─── DATA BLOCK ───
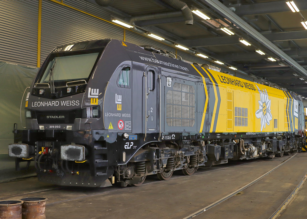 Prototype: Dual-mode locomotive class 2019 (Stadler Euro9000) of European Loc Pool AG (ELP), leased to Leonhard Weiss GmbH & Co. KG, Göppingen. Gray/yellow livery. Road number 2019 310-2. Operating condition from March 2026.
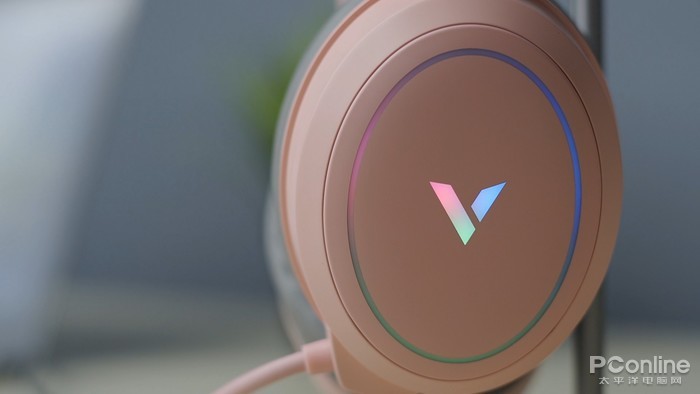 而雷柏VH610的主体部分与前者恰恰相反,采用的是圆形的设计,印有Logo以及一圈圆,可以发出RGB灯光。悬梁采用少见的分体式设计,官方称是飞翼式头戴,这一种设计可以满足不同的方向的稳固效果,可以达到舒适性更高的效果。
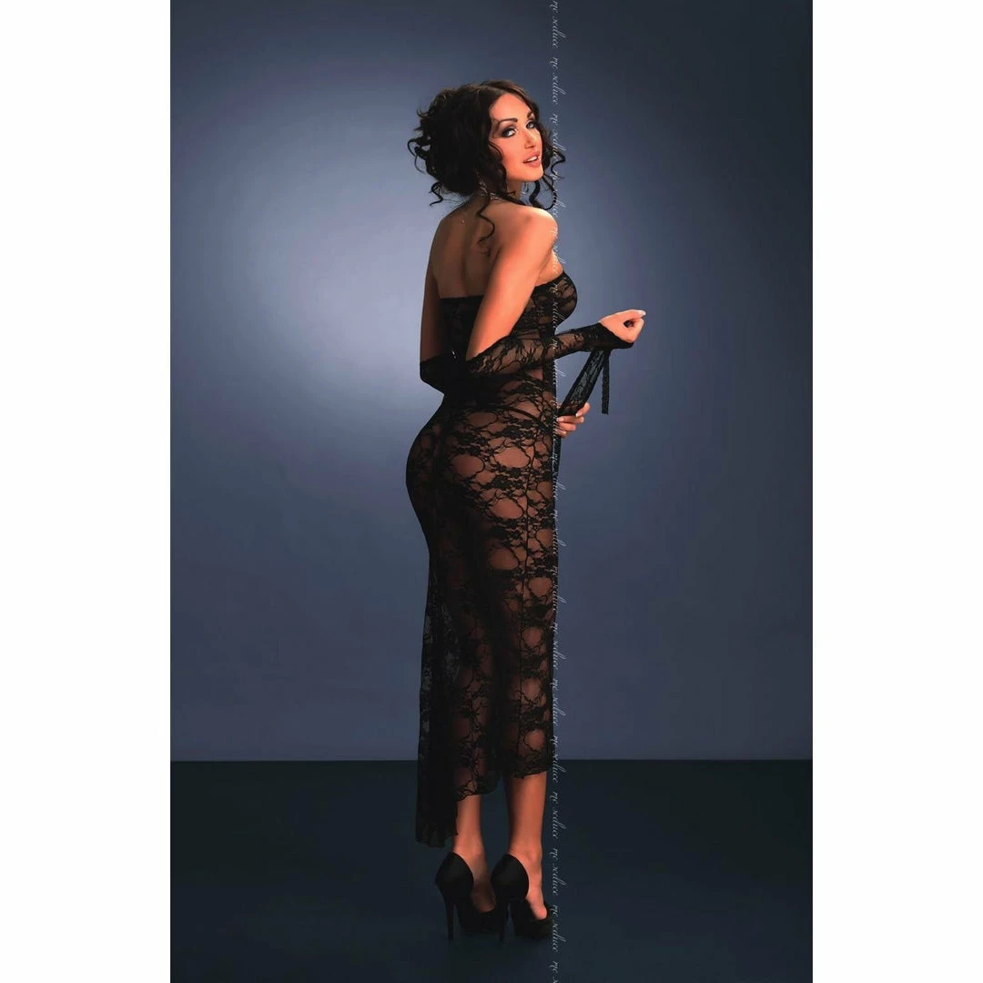 Black long lace lingerie nightdress with gloves, mask and thong made in Poland by Me-Seduce. This nightdress is made from lovely stretch lace, strapless long chemise set with asymmetric hem line. This nightdress comes as a set and also includes the matching lace gloves, mask and thong.
───
■ **REQUIREMENT**
Copy exactly, and copy nothing else: the lines from the one containing "而雷柏VH610的主体部分与" through the end of the data, both ends included, with pictures left out.

■ **RESPONSE BELOW**
 而雷柏VH610的主体部分与前者恰恰相反,采用的是圆形的设计,印有Logo以及一圈圆,可以发出RGB灯光。悬梁采用少见的分体式设计,官方称是飞翼式头戴,这一种设计可以满足不同的方向的稳固效果,可以达到舒适性更高的效果。
 Black long lace lingerie nightdress with gloves, mask and thong made in Poland by Me-Seduce. This nightdress is made from lovely stretch lace, strapless long chemise set with asymmetric hem line. This nightdress comes as a set and also includes the matching lace gloves, mask and thong.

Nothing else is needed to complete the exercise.